**** Record set ****
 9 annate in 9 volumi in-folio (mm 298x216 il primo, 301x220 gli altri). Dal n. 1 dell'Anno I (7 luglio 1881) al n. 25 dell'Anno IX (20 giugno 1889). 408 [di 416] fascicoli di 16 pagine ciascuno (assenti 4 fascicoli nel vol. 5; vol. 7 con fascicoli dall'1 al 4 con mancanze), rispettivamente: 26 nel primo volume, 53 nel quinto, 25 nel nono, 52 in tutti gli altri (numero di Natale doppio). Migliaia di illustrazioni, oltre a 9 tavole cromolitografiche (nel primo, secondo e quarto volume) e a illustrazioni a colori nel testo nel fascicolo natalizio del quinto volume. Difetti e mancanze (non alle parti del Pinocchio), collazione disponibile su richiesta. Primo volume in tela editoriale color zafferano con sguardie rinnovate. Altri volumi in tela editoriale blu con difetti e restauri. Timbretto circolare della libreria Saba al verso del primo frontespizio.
****
**** Record set ****
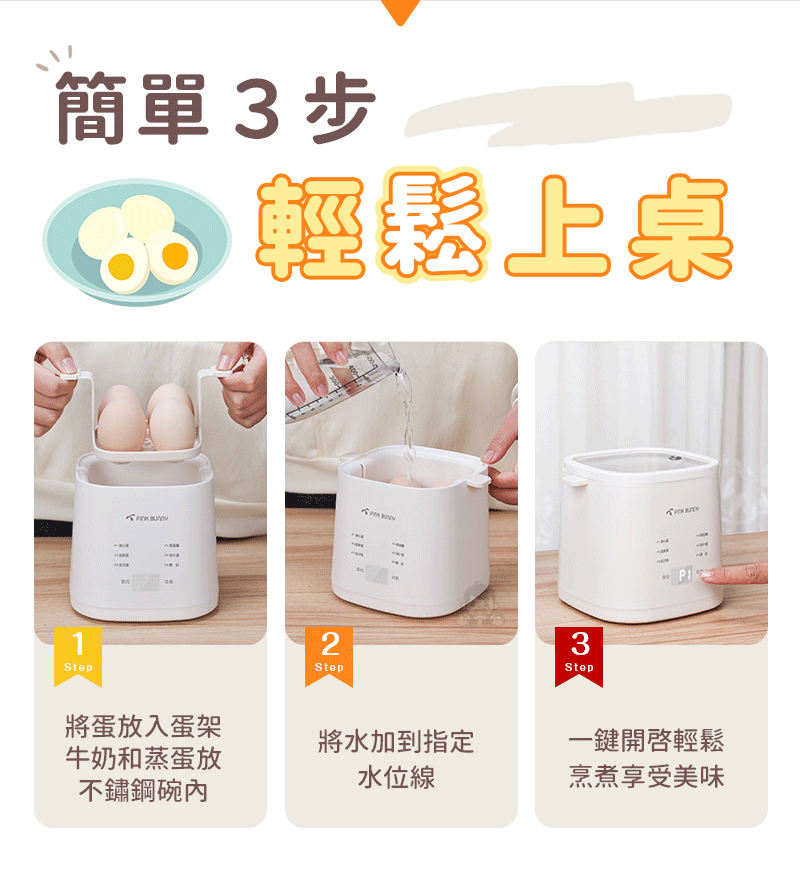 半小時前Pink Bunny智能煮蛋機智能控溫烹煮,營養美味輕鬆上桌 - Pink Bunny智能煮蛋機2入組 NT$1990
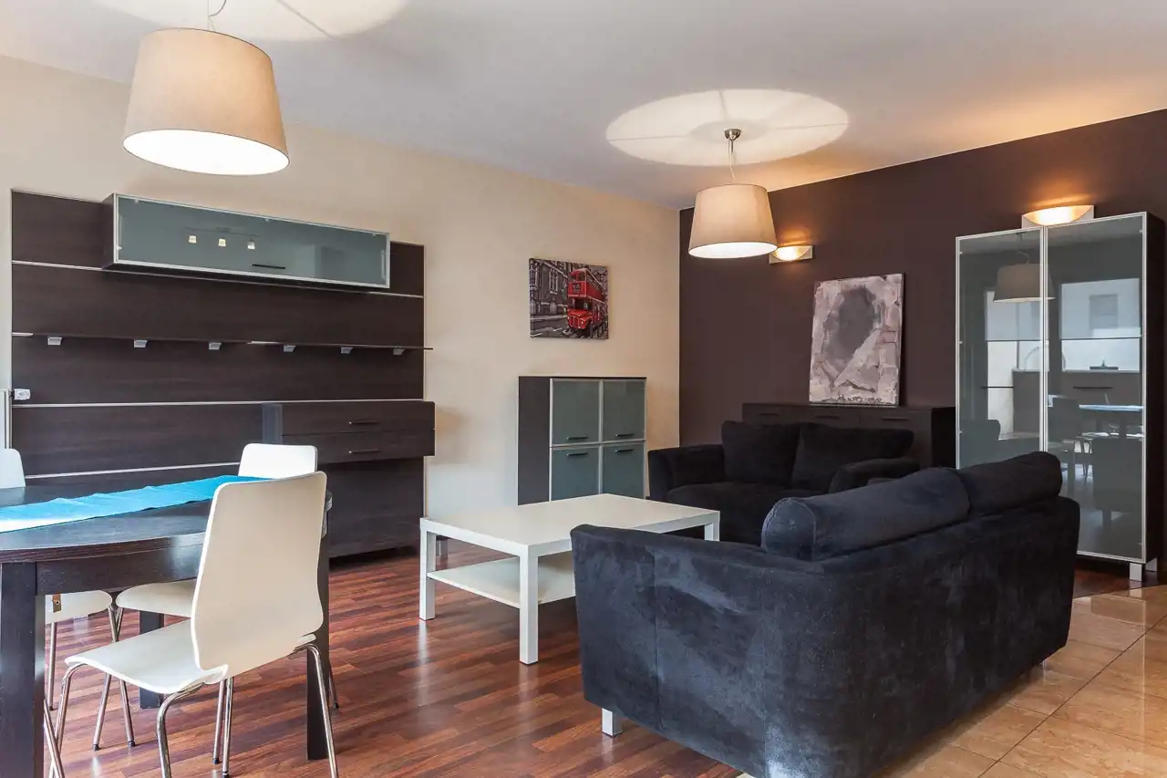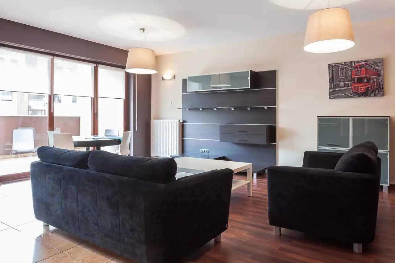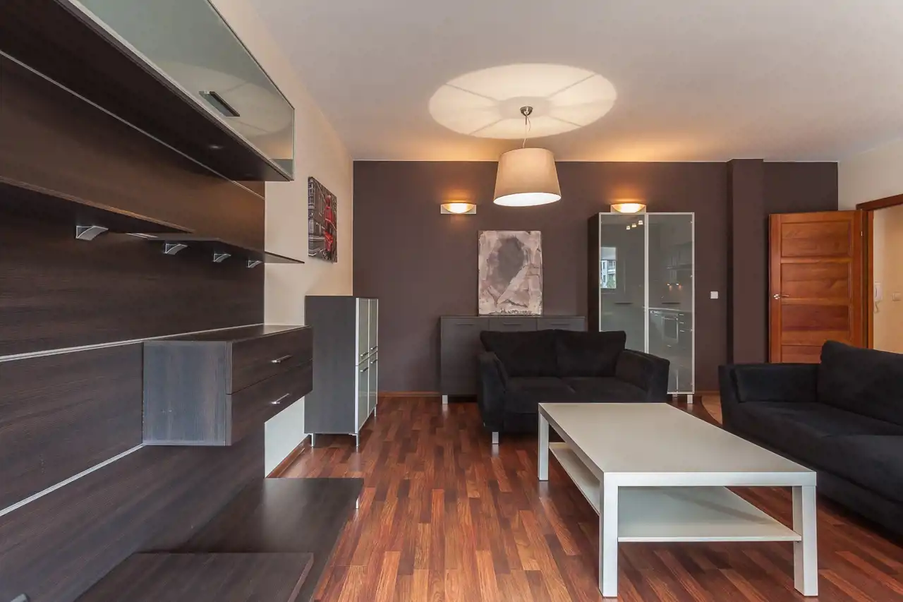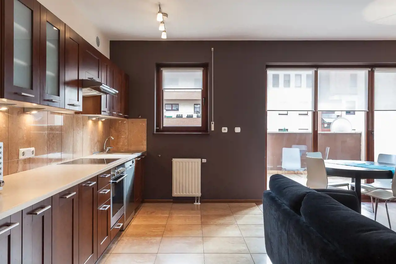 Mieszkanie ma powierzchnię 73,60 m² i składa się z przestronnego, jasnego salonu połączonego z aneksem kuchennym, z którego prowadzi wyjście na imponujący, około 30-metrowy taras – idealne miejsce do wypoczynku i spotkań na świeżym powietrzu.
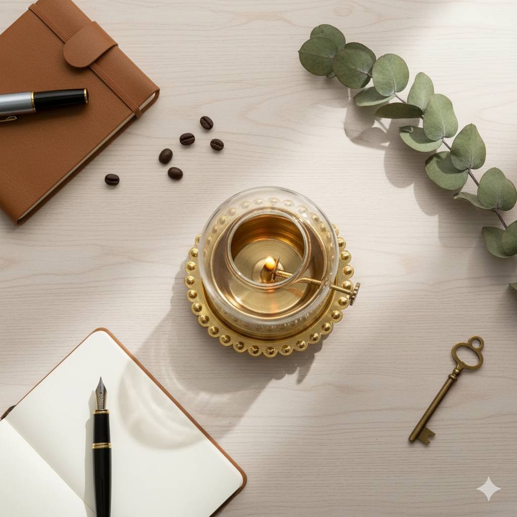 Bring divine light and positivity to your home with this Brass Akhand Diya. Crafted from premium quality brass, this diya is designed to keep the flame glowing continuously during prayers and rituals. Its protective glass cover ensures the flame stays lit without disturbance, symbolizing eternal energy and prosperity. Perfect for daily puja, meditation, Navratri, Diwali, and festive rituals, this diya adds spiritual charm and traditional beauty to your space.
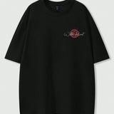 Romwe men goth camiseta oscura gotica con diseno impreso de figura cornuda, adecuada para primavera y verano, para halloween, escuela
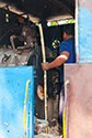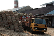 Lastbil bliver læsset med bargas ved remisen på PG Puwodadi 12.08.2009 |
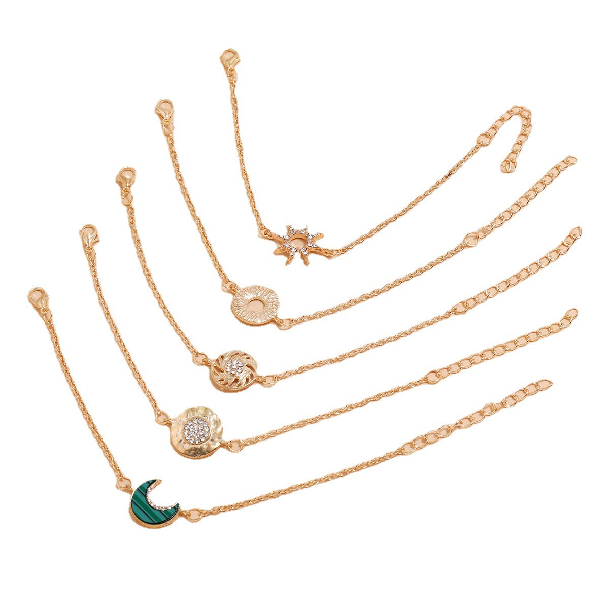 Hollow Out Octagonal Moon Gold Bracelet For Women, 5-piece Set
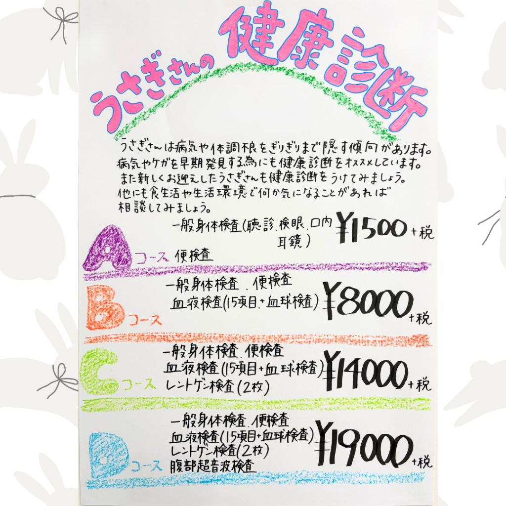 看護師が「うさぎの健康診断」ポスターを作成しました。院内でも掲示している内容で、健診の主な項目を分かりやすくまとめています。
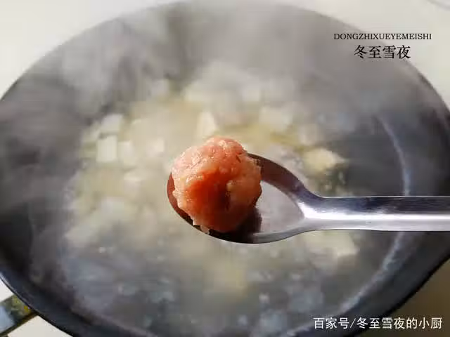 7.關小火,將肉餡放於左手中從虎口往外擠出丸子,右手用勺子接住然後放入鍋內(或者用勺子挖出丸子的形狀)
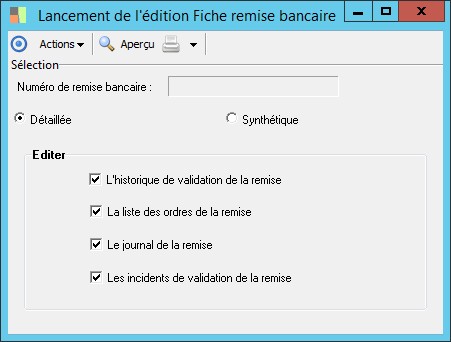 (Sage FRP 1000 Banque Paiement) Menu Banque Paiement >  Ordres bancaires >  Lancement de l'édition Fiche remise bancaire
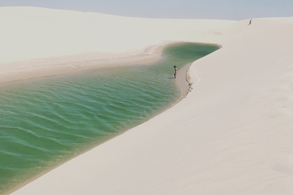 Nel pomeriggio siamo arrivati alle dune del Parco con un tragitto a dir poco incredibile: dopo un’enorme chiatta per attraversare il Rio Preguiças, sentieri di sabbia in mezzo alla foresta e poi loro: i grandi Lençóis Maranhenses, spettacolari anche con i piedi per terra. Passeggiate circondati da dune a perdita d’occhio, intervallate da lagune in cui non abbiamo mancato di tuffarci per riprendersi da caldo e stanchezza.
****
▸ About this exercise: In the listing above, find the line with "Romwe men goth" and the line with "(Sage FRP 1000". Copy exactly those lines and all between them, minus the images.

▸ Response to this task:
 Romwe men goth camiseta oscura gotica con diseno impreso de figura cornuda, adecuada para primavera y verano, para halloween, escuela
 Lastbil bliver læsset med bargas ved remisen på PG Puwodadi 12.08.2009 |
 Hollow Out Octagonal Moon Gold Bracelet For Women, 5-piece Set
 看護師が「うさぎの健康診断」ポスターを作成しました。院内でも掲示している内容で、健診の主な項目を分かりやすくまとめています。
 7.關小火,將肉餡放於左手中從虎口往外擠出丸子,右手用勺子接住然後放入鍋內(或者用勺子挖出丸子的形狀)
 (Sage FRP 1000 Banque Paiement) Menu Banque Paiement >  Ordres bancaires >  Lancement de l'édition Fiche remise bancaire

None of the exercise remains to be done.